Role of Delta-like 1 in differentiation and antigen presentation of mouse bone marrow-derived dendritic cells.
- Author:
Yun-Ru CHEN
1
;
Fan FENG
;
Dan-Dan YIN
;
Ying-Min LIANG
;
Hua HAN
Author Information
1. Department of Hematology, Tangdu Hospital, The Fourth Military Medical University, Xi'an 710038, Shaanxi Province, China.
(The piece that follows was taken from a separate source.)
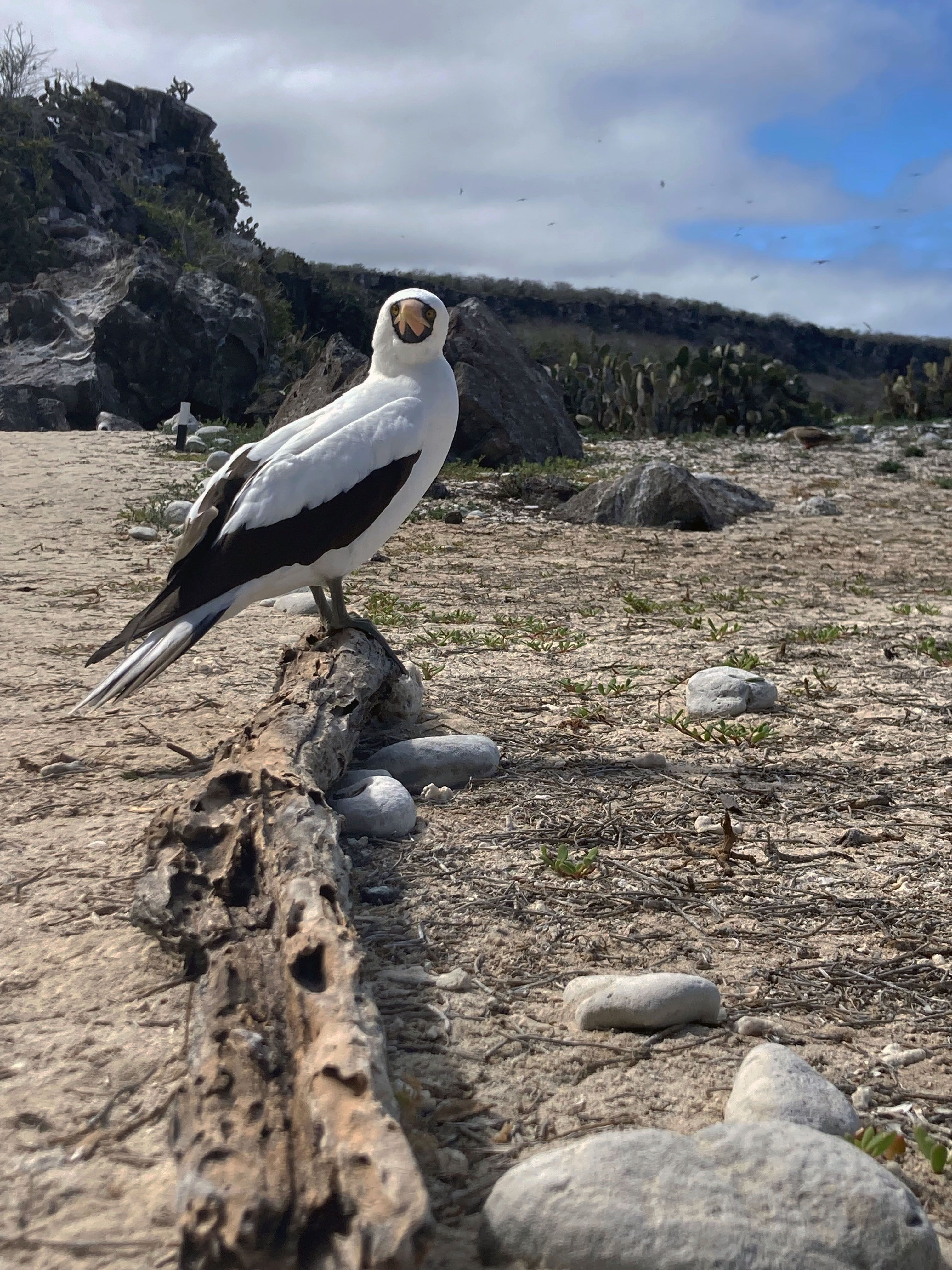 Today we woke up in Darwin’s Bay off Genovesa Island. This collapsed caldera is a unique place where thousands of seabirds can be observed in their different life stages. We disembarked in the morning for a natural history walk on the beach at Darwin’s Bay. We had a close look at red-footed boobies, one of the three species of boobies that nest in the Galapagos. We also observed Nazca boobies, frigatebirds, swallow-tailed gulls, and lava gulls. We had the opportunity to snorkel with Galapagos fur seals, the second species of sea lion that guests were expecting to see during this trip.

- Publication Type:Journal Article
- MeSH:
Animals;
Antigen Presentation;
immunology;
Bone Marrow Cells;
cytology;
Cell Differentiation;
immunology;
Cells, Cultured;
Dendritic Cells;
cytology;
immunology;
Granulocyte-Macrophage Colony-Stimulating Factor;
pharmacology;
Intercellular Signaling Peptides and Proteins;
metabolism;
Interleukin-4;
pharmacology;
Male;
Mice;
Mice, Inbred C57BL
- From:
Journal of Experimental Hematology
2010;18(3):704-708
- CountryChina
- Language:Chinese
-
Abstract:
The aim of this study was to investigate the role of Delta-like 1 (Dll1) in differentiation and antigen pre-sensation of mouse bone marrow-derived dendritic cells (DCs). In the presence of granulocyte macrophage colony stimulating factor (GM-CSF) and interleukin 4 (IL-4), mouse bone marrow cells were co-cultured with OP9-Dll1 and OP9-GFP cell lines respectively. After 8 days, the immature DCs were stimulated with tumor antigen. The surface molecules of the activated DCs including MHC II, CD80 and CD86 were analyzed by flow cytometry. Levels of IL-12 and IL-10 in the culture supernatant were detected by ELISA. In addition, the proliferation of T-cells co-cultured with DCs was analyzed by FACS through mixed T-lymphocyte reaction. The results showed that compared with OP9-GFP, the bone marrow cells co-cultured with OP9-Dll1 produced significantly more CD11c(+) DCs (p < 0.05), and possessed higher levels of surface molecule expression including MHC II, CD80 and CD86 after tumor antigen stimulation. The DCs secreted higher level of IL-12 (p < 0.05) and less IL-10 (p < 0.01). They also resulted in significantly stronger T-cell proliferation response. It is concluded that Dll1 can promote the differentiation of DCs from mouse bone marrow cells and enhance their antigen presentation capacity.